Mulroney veut une méga-banque

2007/05/14 | Par Jean-François Vinet

Dans le Globe and Mail du 11 mai, l’ancien Premier ministre du Canada Brian Mulroney implore le gouvernement fédéral de permettre les fusions entre les banques canadiennes. Sinon, la compétitivité de nos petites banques canadiennes serait en danger.

Ce scénario alarmiste est non seulement erroné. Un grand nombre d’analystes contredisent les propos de l’ancien Premier Ministre. Derek Decloet rappelle dans le Globe du 26 avril 2007 que les grandes fusions du secteur bancaire ne fonctionnent malheureusement pas toujours comme prévu.
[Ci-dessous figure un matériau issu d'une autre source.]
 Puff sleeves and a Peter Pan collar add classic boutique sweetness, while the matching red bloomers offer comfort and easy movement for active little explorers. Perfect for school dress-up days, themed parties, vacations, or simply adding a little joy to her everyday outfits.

Même si la taille peut aider, celle-ci n’est pas garante du succès d’une entreprise. Le journaliste rappelle que la Citigroup, la J.P Morgan Chase, la Bank of America, la Wachovia, la Wells Fargo, la HSBC, la UBS, la Royal Bank of Scotia et la Barclays, qui ont toutes effectuées d’importantes acquisitions, ont offert des performances annuelles inférieures à la moyenne des petites banques canadiennes.
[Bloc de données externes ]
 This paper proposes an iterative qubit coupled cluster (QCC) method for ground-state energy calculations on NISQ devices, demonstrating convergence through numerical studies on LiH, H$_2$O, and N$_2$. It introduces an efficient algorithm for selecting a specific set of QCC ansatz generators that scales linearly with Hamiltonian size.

En plus d’être très risquée, la fusion des banques canadiennes est loin de leur assurer une place dominante parmi les géants banquiers mondiaux. Pour se classer parmi les 10 plus importantes institutions financières du monde en termes d’actifs, il faudrait qu’au moins cinq des plus importantes banques canadiennes fusionnent entre elles. Si seulement trois d’entre elles unissaient leurs forces, elles n’atteindraient que le 17e rang à l’échelle mondiale. Donc, même si une fusion se réalisait avec succès, il est loin d’être assuré que la nouvelle banque s’approprierait une position dominante sur la scène mondiale

En 2006, selon le ministère des Finances, les six plus grandes banques canadiennes détenaient 90% des actifs. Devrait-on, pour répondre aux vœux de Brian Mulroney, concentrer 90% des actifs dans une ou deux méga-banques au Canada? Pourrait-on encore parler d’un marché compétitif au Canada si deux banques contrôlaient la presque totalité des actifs? D’ailleurs, peut-on vraiment parler d’un marché compétitif lorsque l’on sait que plus des ¾ des localités canadiennes sont desservies par un monopole ou un duopole bancaire ?

Nous sommes loin, très loin d’une concurrence pure et parfaite sur le marché des services bancaires au Canada. À la fin de 2006, les six plus grandes banques canadiennes affichaient des profits de 19 milliards de dollars soit 58% de plus qu’en 2005.